Traffic here never stops. Even at midnight, when flights from the east land and connect passengers who are headed west, the airport is alive and bustling. If most airlines appear skeptical of the A380, Emirates is a true believer. It stunned the industry in December when it ordered 50 more of the planes, beyond the 90 it already had on order, throwing Airbus a much needed lifeline. (Emirates also ordered 150 new Boeing 777Xs, a more efficient variation on the best-selling jet, helping to initiate the program for this new airplane, due in 2020.) Clark, the president of the airline, has turned it into one of the world's largest carriers by seat capacity. And he is the A380's most enthusiastic supporter.

"People get on the A380 and they absolutely love it," he says. The upper deck on the Emirates version, he adds, is "just one big party." The son of a tanker ship captain and an economist, Clark joined Emirates in the mid-1980s. His basic insight about the A380 is simple: It can be a canvas for a new kind of luxury flight experience. It was Clark who came up with the idea to install two showers for first-class passengers. Airbus engineers thought the idea was crazy because it would require more fuel to fly the water for the showers.

But he dismissed their objections. The showers would immediately distinguish the plane from anything else in the air. He also put a large bar on board, along with a pair of semicircular couches, equipped with seat belts in case of turbulence. "This thing is so popular and during the course of a 14-hour flight it becomes even more popular," he says. "They all want to have their picture taken behind the bar with their arms around the girls," he says, referring to passengers posing with the flight attendants.

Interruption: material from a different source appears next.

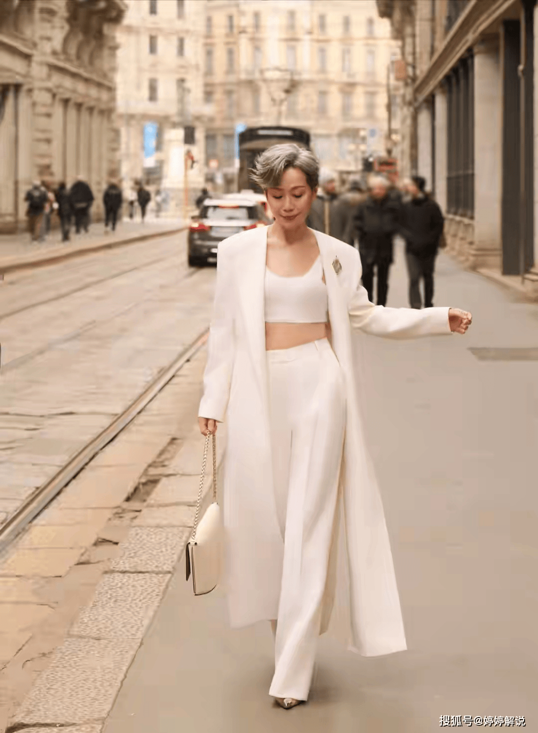 有人说,时尚的最高境界是“人穿衣,而非衣穿人”。叶童在米兰街头的这套全白造型,恰恰印证了这一点。她没有追逐潮流,而是用最简洁的配色、最利落的剪裁,穿出了属于自己的味道。

That was certainly the atmosphere on a 13-hour flight between New York and Dubai earlier this year. While about 400 weary coach passengers on the lower deck tried to catch a few hours of fitful sleep, the upper-deck mood was more festive. Rudolph V. Pino Jr., an insurance lawyer from New York, enjoyed a glass of chardonnay and traded pleasantries and business cards with other passengers. The bar was staffed by cheerful flight attendants amid an endless supply of Champagne and canapes. "It's a special airplane," he said. "It brings some glamour back to air travel, just like in the days of TWA and the old Boeing 747s."

Unlike airlines in the United States, Emirates, which is a product of Dubai's aviation-friendly policies, operates from a single hub. The airport handled 66 million passengers last year, rivaling Heathrow as the busiest international hub. Emirates serves more than 140 destinations, essentially connecting flows of passengers with a single stop in Dubai. But for Emirates, the biggest selling point of the A380 is its ability to pack in more business-class seats and create an environment that appeals to big-spending passengers. "The upper deck of the A380 is an absolute gold mine for us," Clark says. "We elected to make it all premium. We elected to put in all the gadgets and gizmos. We were laughed at, at first."

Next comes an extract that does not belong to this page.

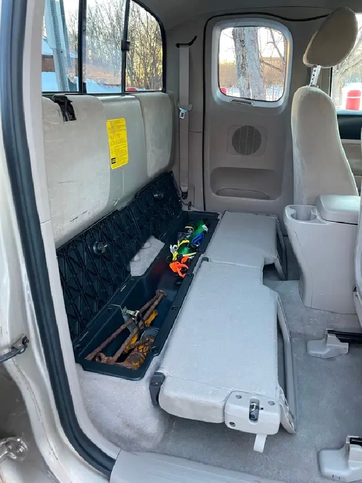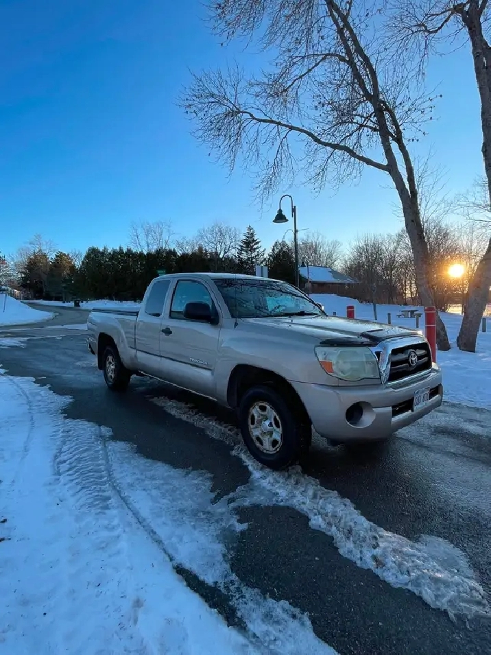 For Sale: Meticulously Maintained, Regularly Serviced, and Well Cared for 2005 Toyota Tacoma, Access Cab (2 Rear Jump Seats with two factory installed tools boxes under seats), 2 Wheel Drive, 4 litre, 4 Cylinder, 160 Horse Power, with Tonneau Cover (no holes or tears). Excellent Condition only 239,000kms. Includes the following: New MVI with two years remaining on the sticker (value $50.00) perfect condition. All service records included (value $500.00). Clean Car Fax Report (No Accidents, Insurance Claims, or Liens) (value $70.00). Cleaned and Detailed (value $200.00). Full Tank of Gas (value $100.00). We will pay Vehicle Transfer Fee (value $20.00). All recalls have been completed. Only two owners. Comes with original service manuals, two keys and fobs for quick locking and unlocking of the doors, tonneau cover for truck bed, plastic bed liner, winter and summer floor mats, spare wheel, jack, and tire iron, ratchet straps, bungie cords, two convex mirrors (to eliminate blind spots), and two phone/computer charging cables. Currently has winter wheels on it.

There are more first- and business-class seats on the Emirates A380 than on the 777, and they are usually 75 to 80 percent full, Clark says. On some routes, like those to Heathrow, where Emirates has five daily flights, that figure can reach 90 percent. Once the whole plane is 85 percent full, its operating costs fall below those of a 777, he says. It's a simple-enough recipe. But for the plane to be successful for Airbus, Emirates can't be the only airline to make it work. "United would be a great operator from San Francisco to Asia," says Mark Lapidus, chief executive of Amedeo, an aircraft leasing company.

Last year, Lapidus announced that his company would buy 20 new A380s, in a deal valued at $US8.3 billion, and then lease them to airlines. It was an expensive gamble, and Amedeo doesn't have any commitments yet. The problem is that US carriers, including United, aren't interested. Wall Street analysts aren't convinced, either. Shares of United would plunge at least 10 per cent if it bought A380s, according to one analyst, because of concerns that they would bring too much capacity into the market.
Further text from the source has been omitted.